Thursday, July 26, 2018
If We Can't Learn to Live With Our Planet, We Can't Continue to Live On It.
We have some serious problems to address. How we respond to those problems will determine how human civilization goes forward or even collapses. So, what's it going to be?
It's finally sinking in that we are confronted by three main existential threats - climate change (and the freshwater crisis), over-consumption and overpopulation. Mankind has massively outgrown our planet and, in the process, has put not only the human species but most other life forms, terrestrial and aquatic, in real jeopardy.
While our odds worsen and the challenges continue to grow year by year, at this point we have one possible remedy - a rapid and engineered decline, what James Lovelock once labeled "sustainable retreat."
Our species has outgrown our planet and we're fresh out of planets. We've got one, just the one. All we've got is Spaceship Earth and we're exhausting its resources, exceeding its ecological carrying capacity by a factor of 1.7. And that excess is growing every year.
We're squeezing out other species - taking their habitat, their food, contaminating their world. Over the past 40 years we have lost more than half of all terrestrial and marine life. We don't leave enough for them to maintain their populations. Just one species, our own, is now putting almost every other species to rout.
We pretend not to notice. Hey, the supermarket shelves are still stocked with food at affordable prices. Yet we have already substantially degraded our global ecosystem.
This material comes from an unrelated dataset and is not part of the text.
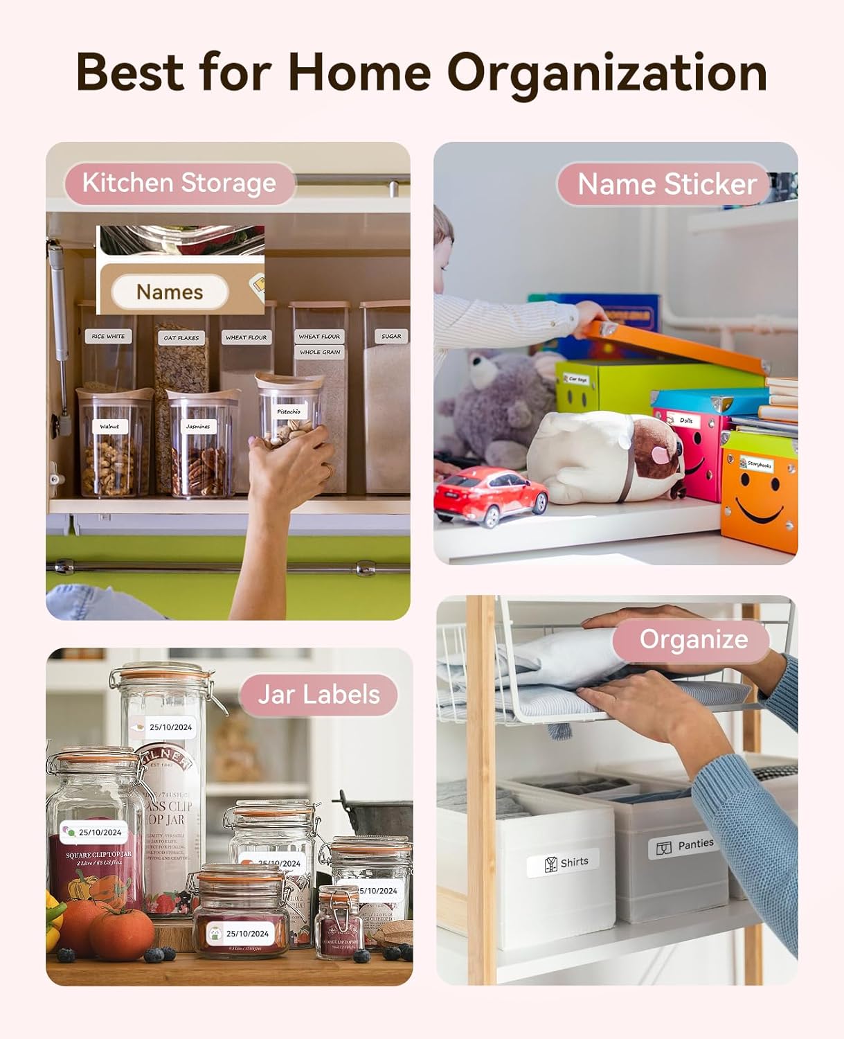 - 【2025 New Version Label Maker】This household organization label maker is the 2024 new version D110 label machine, smaller but better, offering superior print clarity resulting, smooth printing effects and fast processing. Easy to use for quick home use and basic label making, which also can help labeling in school, perfect for back to school gifts.

It is estimated that mankind last lived in harmony with nature in the mid-70s when our population reached three billion. That's when we maxed out the Earth's carrying capacity. In the 40 years since we've swollen our numbers to 7.5 billion, expected to reach 9 billion in another two decades. Meanwhile the Earth's human carrying capacity has declined. It's estimated we're now at two billion. Of course we can ignore it and keep growing our numbers and our global GDP but we've been warned that will trigger collapse and we'll end out this century with a population well under one billion, perhaps just a few hundred million tucked away in the very coolest parts of the planet.
Nine billion down to a few hundred million - that's a lot of people who will have to die and over the span of less than a single human lifetime.
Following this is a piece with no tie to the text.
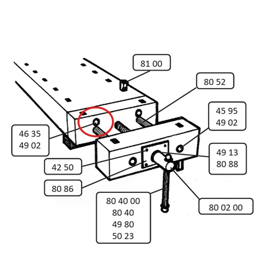 Denne maskinbolt anvendes til at fastgøre den faste del af bagtangen til selve høvlebænken på en Lervad høvlebænk. Bolten er fremstillet i stål og har dimensionen M8 med en længde på 90 mm, hvilket passer til de originale beslag og gevind i konstruktionen.

You would think that, armed with all this science and aware of what's already happening around the world, especially severe weather events of increasing frequency, intensity and duration, that we would be racing to act. You would be wrong. We're racing all right but we're heading ever faster toward that oncoming train in the distance.
So, what do you think? Most who read these posts are either centrist or mildly leftist politically. Centrists support the Trudeau Liberal government that pursues perpetual exponential economic growth including the extraction, transmission and export of life-extinguishing high-carbon bitumen. Leftists support the New Democrats who don't seem to be significantly different than the Liberals or the Conservatives on the growth economy business.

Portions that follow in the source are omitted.